Simba Intelligence uses a task queue architecture with two key components:

* **Celery Beat** — A scheduler process (`APP_MODE=beat`) that triggers tasks at configured intervals. Runs as a Kubernetes StatefulSet with persistent storage to maintain schedule state across restarts.
* **Celery Workers** — Background processors (`APP_MODE=worker`) that execute the scheduled tasks.
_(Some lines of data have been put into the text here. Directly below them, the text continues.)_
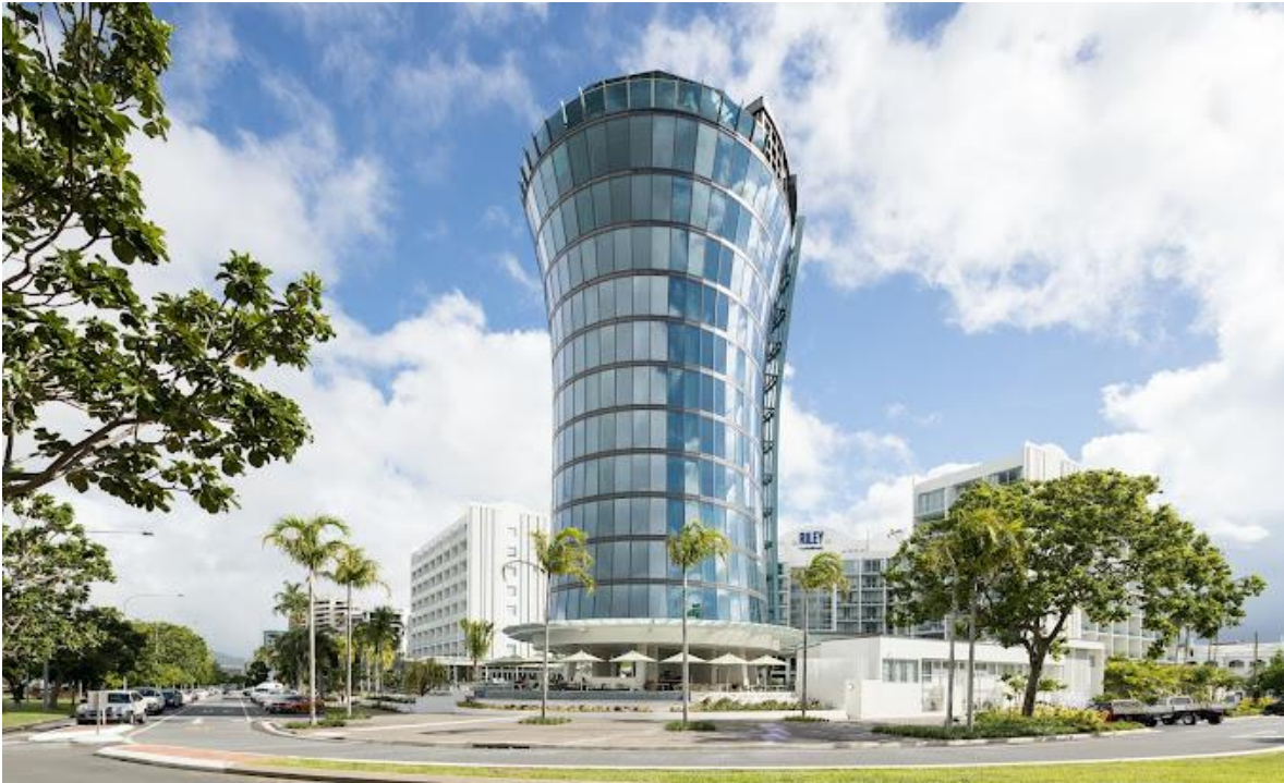
Venue: Crystalbrook Riley, Cairns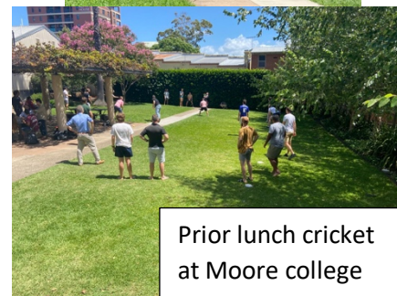
Prior lunch cricket at Moore college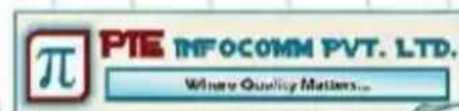
Sourabh Jain Pie Infocom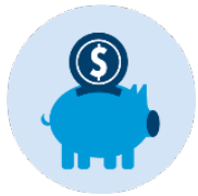
Value-Based Purchasing Program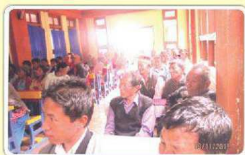
Yangang, South Sikkim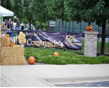
Countryside's 50th Anniversary celebration at Countryside Park On September 25, 2010.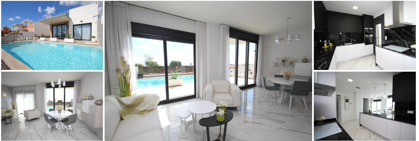
Newly built villa in Orihuela Costa

Do you want to enjoy an exclusive vacation near the sea? Impossible not to fall for this ultra-modern villa in Orihuela Costa with 2 bedrooms, 2 bathrooms, private pool, garden and luxury extras, according to personal preferences. Its delicate infrastructure integrates with nature providing a quiet and isolated environment.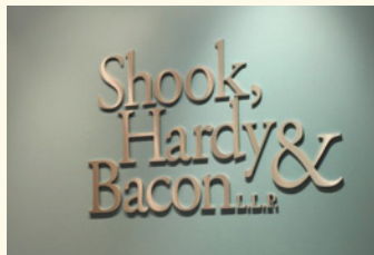
Shook, Hardy & Bacon in Miami.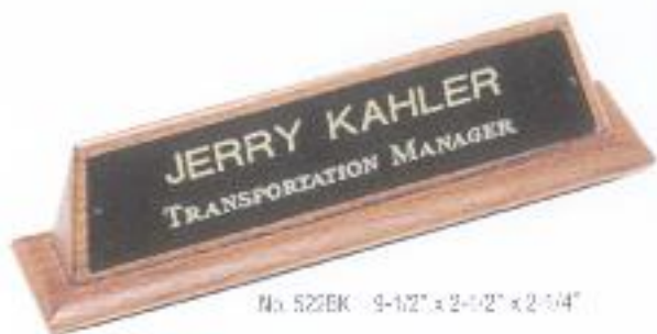
No. 522BK 9-1/2" x 2-1/2" x 2-1/4"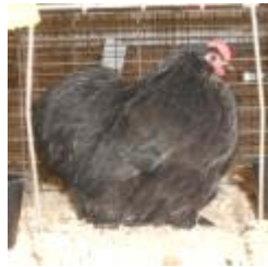
BV Birchen Btm Pullet by Nancy Compton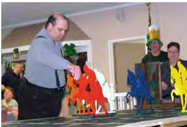
RAN THE HORSES DOWN THE TRACK . . .

Can be scaled horizontally based on workload.

***

## Task Schedule

### 📋 Generate Query Suggestions

| Property      | Value                                                          |
| ------------- | -------------------------------------------------------------- |
| **Task name** | `generate_suggestions_scheduled_task`                          |
| **Schedule**  | Daily at 3:00 AM (server time)                                 |
| **Purpose**   | Pre-generate AI-powered query suggestions for all data sources |

**What it does:**

1. Retrieves all data sources from Composer using administrative credentials
2. For each data source, fetches field-level attribute values and statistics
3. Generates natural language question suggestions based on available data
4. Caches the suggestions so they are immediately available when users open the Playground

> **💡 Pro Tip:** Pre-generated suggestions improve the user experience by showing relevant questions instantly when a user selects a data source, rather than generating them on demand.

***

### 🧹 Purge Question Records

| Property      | Value                                                                       |
| ------------- | --------------------------------------------------------------------------- |
| **Task name** | `purge_question_records_task`                                               |
| **Schedule**  | Every 24 hours                                                              |
| **Purpose**   | Clean up old query history records based on the configured retention policy |

**What it does:**

1. Queries the database for question records older than the retention period
2. Deletes expired records to manage database size

**Configuration:**
The retention period is configurable via the Helm chart value `questionRecordRetentionDays` (default: **90 days**).

***

### 🔑 Cleanup Expired OAuth Tokens

| Property      | Value                                                                 |
| ------------- | --------------------------------------------------------------------- |
| **Task name** | `cleanup_expired_oauth_tokens_task`                                   |
| **Schedule**  | Every 7 days                                                          |
| **Purpose**   | Remove expired OAuth tokens and authorization codes from the database |

**What it does:**

1. Scans for expired OAuth access tokens, refresh tokens, and authorization codes
2. Deletes expired entries to prevent unbounded database growth

> **📝 Note:** This task is relevant only when the [MCP Server](/simba-intelligence/docs/guides/admin-guides/MCP-Server-Guide) is deployed, as OAuth tokens are used exclusively for MCP client authentication.

***

## Monitoring Scheduled Tasks

### Verifying Beat is Running

```bash theme={null}
# Check the Celery beat pod status
kubectl get pods -n simba-intelligence | grep beat

# View beat scheduler logs to confirm task triggers
kubectl logs <beat-pod-name> -n simba-intelligence
```

The beat pod logs will show entries like:

```
Scheduler: Sending due task run-generate-suggestions (generate_suggestions_scheduled_task)
```

### Verifying Worker Execution

```bash theme={null}
# Check worker pod status
kubectl get pods -n simba-intelligence | grep worker

# View worker logs for task execution
kubectl logs <worker-pod-name> -n simba-intelligence
```

***

## Troubleshooting

### Tasks Not Running

* **Beat pod not healthy** — Verify the beat StatefulSet has a running pod and its persistent volume is attached. The schedule state is stored on disk.
* **Workers not processing** — Check that at least one worker pod is running and connected to Redis. Workers use Redis as the message broker.
* **Redis connectivity** — Confirm `REDIS_URL` is correct and Redis is accessible from both beat and worker pods.

### Task Failures

* **Suggestion generation fails** — Usually caused by Composer connectivity issues or missing LLM configuration. Check worker logs for error details.
* **OAuth cleanup fails** — Typically a database connectivity issue. Verify `MAIN_DB_URL` is correct and PostgreSQL is accessible.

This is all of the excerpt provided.